Task requirements:
Print out the data exactly, keeping every image out of it.

Material provided:
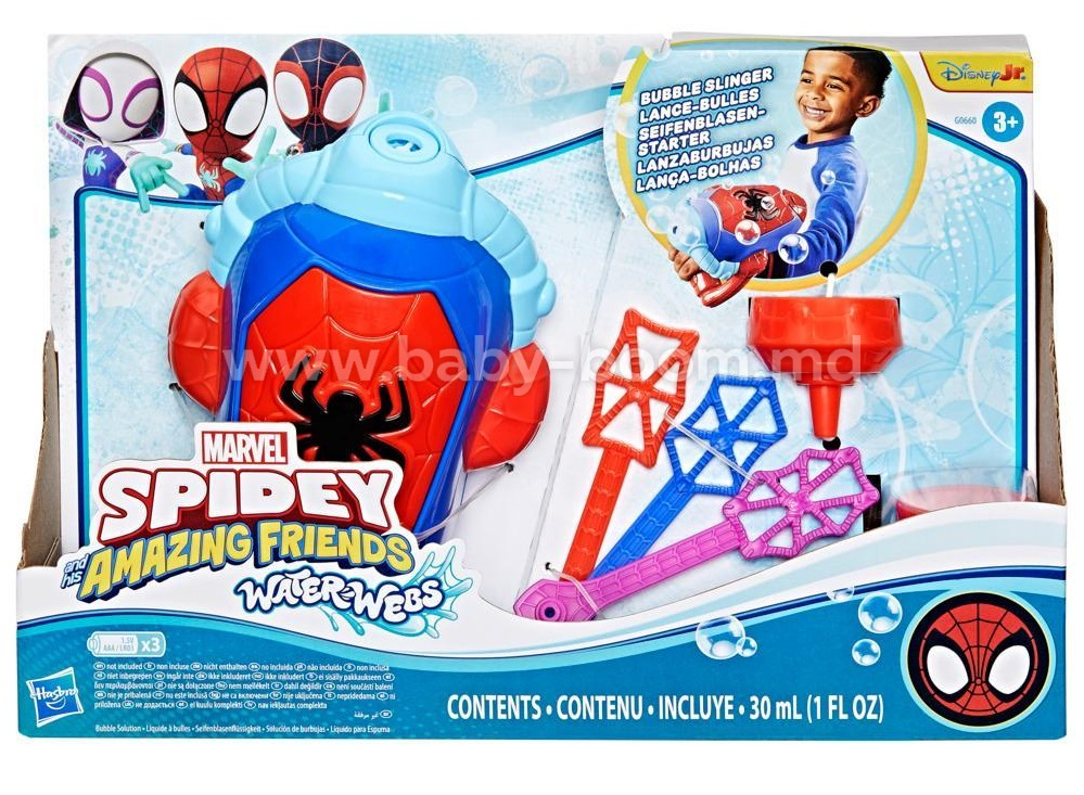 Devino un adevărat erou în gașca ta cu pistolul de făcut baloane de săpun SPIDEY WATER WEBS BUBBLE SLINGER!
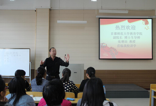◇10月16日,首都师范大学教育科学学院副院长兼博士生导师张增田教授应邀为我院学生干部做报告。报告由秦彧副院长主持。
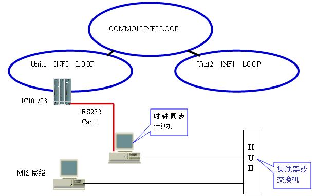 新安装的时钟同步计算机通过ICI接口连接到INFI环中,该计算机再通过网线 连接到MIS/SIS系统网络中,在计算机上运行我公司开发的时钟同步软件使INFI环时间与整个MIS/SIS系统时间一致。

Finished task:
 Devino un adevărat erou în gașca ta cu pistolul de făcut baloane de săpun SPIDEY WATER WEBS BUBBLE SLINGER!
◇10月16日,首都师范大学教育科学学院副院长兼博士生导师张增田教授应邀为我院学生干部做报告。报告由秦彧副院长主持。
 新安装的时钟同步计算机通过ICI接口连接到INFI环中,该计算机再通过网线 连接到MIS/SIS系统网络中,在计算机上运行我公司开发的时钟同步软件使INFI环时间与整个MIS/SIS系统时间一致。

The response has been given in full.